October 28, 2004
"Tort reform"—which, in the past few years, has primarily meant capping non-economic damages in medical- and product-liability lawsuits—has been a major political football in Mississippi over the past few years, including a huge driver in election-year fundraising and a serious component of our recent race for the governor's mansion. Early this summer, in a special session, tort-reform interests won a $500,000 cap on pain and suffering damages in all medical liability cases, along with in any general business liability case.
The Bush administration believes that tort reform should happen at the federal level, and it has introduced a federal cap of $250,000 of non-economic damages in medical malpractice cases.

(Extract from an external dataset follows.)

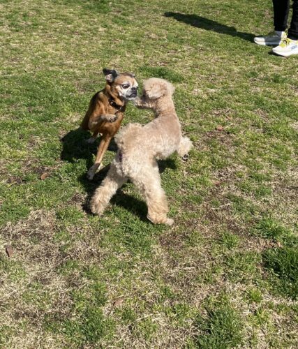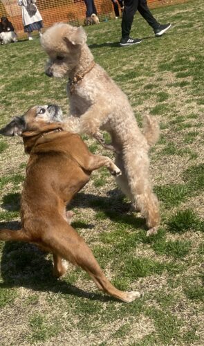 雨も上がってお天気も良くなったので、久しぶりのシンボルタワードッグラン。

But it hasn't passed Congress. Instead, tort-reform supporters have focused on individual states, where they've had success placing caps in more than 23 states in the past 15 years.
Just this past week, Bush gave a major address on "strengthening health care" that amounted, primarily, to the need for federal tort reform. Bush returns often to the theme of medical liability reform, saying that lawsuits increases insurance premiums and force doctors to perform "preventative medicine."And, he says, "junk lawsuits" are forcing doctors to curtail their practice or leave the state—he made that argument in Pennsylvania, although it's the same argument that was made in Mississippi as recently as this spring. The logic is that the insurance companies can ask for lower premiums because their costs are lowered. (Bush doesn't mention any other tort reform proposals on his Web site.)

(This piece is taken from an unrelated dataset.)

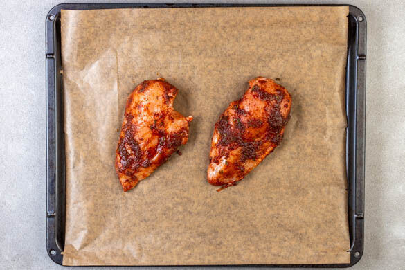 Die Gewürzmischung mit 1EL Olivenöl und je 1 Prise Salz und Pfeffer verrühren. Das Fleisch mit etwas Küchenkrepp trocken tupfen und mit dem Gewürzöl vermengen, dann auf ein mit Backpapier ausgelegtes Blech (oder in eine mittelgroße Auflaufform) geben und im Ofen in 20–25Min. gar backen.

The Congressional Budget Office (CBO) found in a report this summer that the logic of that argument doesn't always play out, however. Non-economic damage caps do lead to increased profits for insurance companies. But they don't always translate to lower premiums, because the insurance companies don't always lower their premiums simply because they're paying less in judgments. And what doctors are complaining about, by and large, are increased premiums. The Bush approach to tort reform has no constraints on insurance companies; it simply seeks to create conditions favorable to the possibility that insurance companies will lower their rates.
It's also worth remembering that successful judgments—those where a jury finds fault—are the cases that pay out. While lowering the non-economic cap might decrease the incentive for attorneys to file "junk" lawsuits, the fact is that any lawsuit has a number of hurdles to overcome before a jury finds that a doctor or institution has been negligent. Kerry has a more specific "tort reform" proposal that—notably—doesn't include caps. Kerry has said that caps are designed primarily to "protect insurance companies, not patients." Instead, his Web site suggests the following reforms: "Eliminate the special privileges that allow insurance companies to fix prices and collude in ways that increase medical malpractice premiums; Require that individuals making medical malpractice claims first go before a qualified medical specialist to make sure a reasonable grievance exists; Require states to ensure the availability of non-binding mediation in all malpractice claims before cases proceed to trial; Support sanctions against plaintiffs and lawyers who bring frivolous medical malpractice claims, including a ‘three strikes and you're out' provision preventing lawyers who file three frivolous cases from bringing another suit for 10 years; Oppose punitive damages—unless intentional misconduct, gross negligence, or reckless indifference to life can be established."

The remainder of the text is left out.